Cameraman: The Life and Work of Jack Cardiff Director: Craig McCall

When Jack Cardiff was awarded an honorary Oscar in 2001, the Academy praised the British cinematographer - a pioneer in the use of Technicolour in film and one of the driving forces behind films such as The Black Narcissus, The Red Shoes (which will be shown tomorrow at the Science Museum in its restored version), War and Peace and, incredibly, Conan the Destroyer - as 'a master of light and colour'.

Craig McCall has done his career justice with a documentary 17 years in the making and only finished and released a year after Cardiff's death last year, aged 94. Weaving interviews - with Cardiff and the many directors, actors and cinematographers who had worked with him - with stunning snippets of the films he helped to bring to fruition, Cameraman is as much a homage to Cardiff's work as it is a chronicle of the evolution of filming techniques in the 20th century.

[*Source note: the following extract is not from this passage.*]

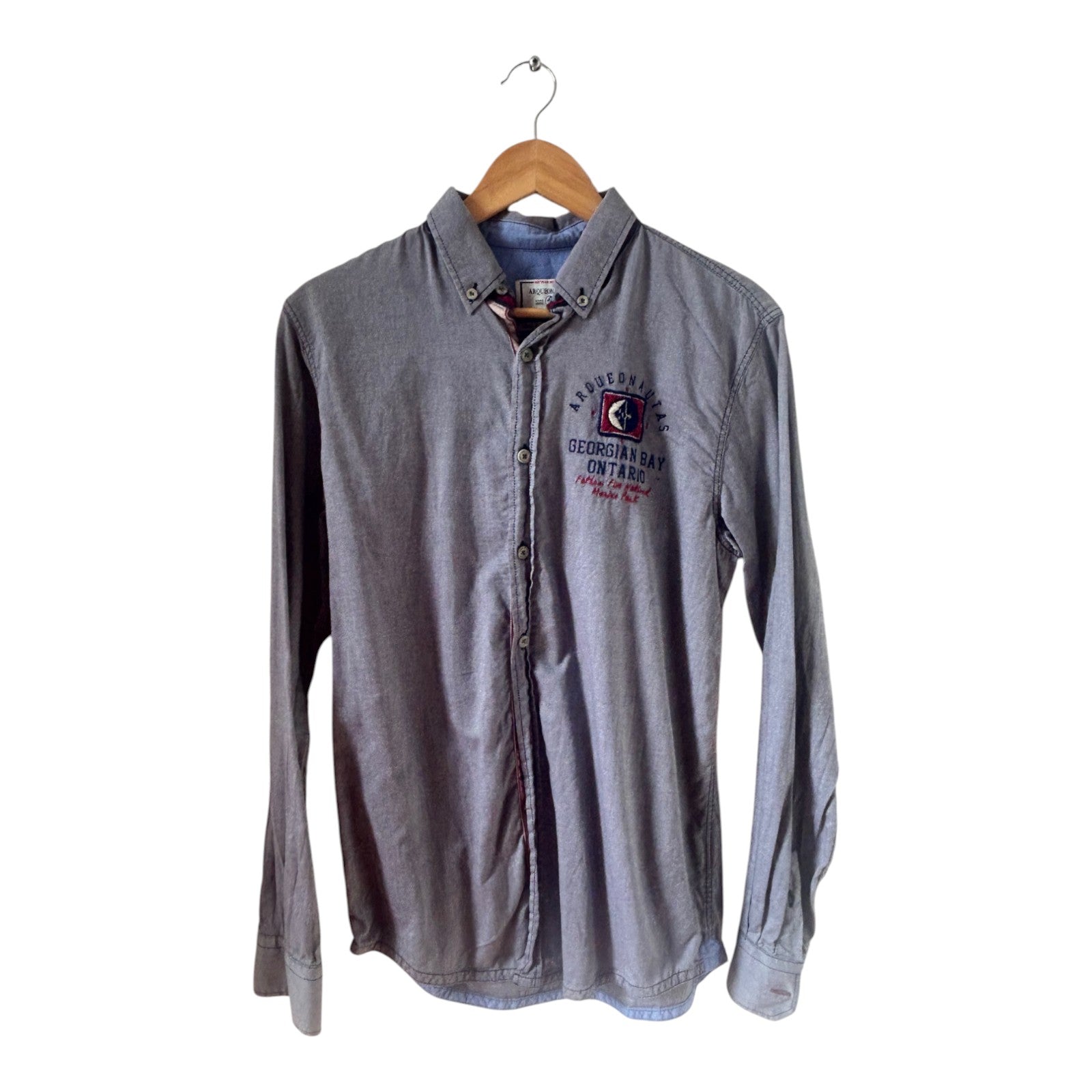 Charakterstarkes Hemd von Arqueonautas in Größe S. Das graue Hemd überzeugt mit aufwendigen Details: vorne eine Stickerei, hinten ein großes Patch mit maritimen Motiven und Schriftzug. Gefertigt aus 100 % Baumwolle bietet es angenehmen Tragekomfort. Die Brustweite beträgt 50 cm, die Länge 68 cm und die Ärmellänge 68 cm. Mit Button-Down-Kragen und sportlich-elegantem Stil ist es ideal für Freizeit und Casual Outfits. 🌊👔

At the start of the film, Cardiff is asked how he sees his job; his answer is that it's 'a nonsensical job' in a universe 'filled with hypocrisy and hyperbole'. This candid response is backed up by an anecdote he recounts later in the documentary about once walking the red carpet at a film premiere and hearing someone refer to him as 'a nobody'.

His anguish is made all the understandable by McCall's deft illustration of the man and his work: entirely self-taught - he began as a clapper boy and worked his way up the ranks - Cardiff shows he's more than just a technician. In the documentary, he recalls how he convinced the Technicolour company to select him for a training programme by stressing on his 'great knowledge of paintings' rather than technical expertise, which he told his interviewers was 'zero'. His explanations are backed by his remarks about his inspirations - Impressionism, Vermeer, Van Gogh - and then a comparison of their paintings with some of the images Cardiff produced on screen.

McCall also draws out Cardiff's recollections of working with others and the dynamics in such collaborations. There are tributes from those he has inspired: Martin Scorsese, for example, talks about how Cardiff's way of portraying ballet in The Red Shoes impacted on his way of showing boxers in action in Raging Bull.

Extras: interview with McCall; short featurettes; Cardiff's portraits of actresses; production stills of Cardiff at work.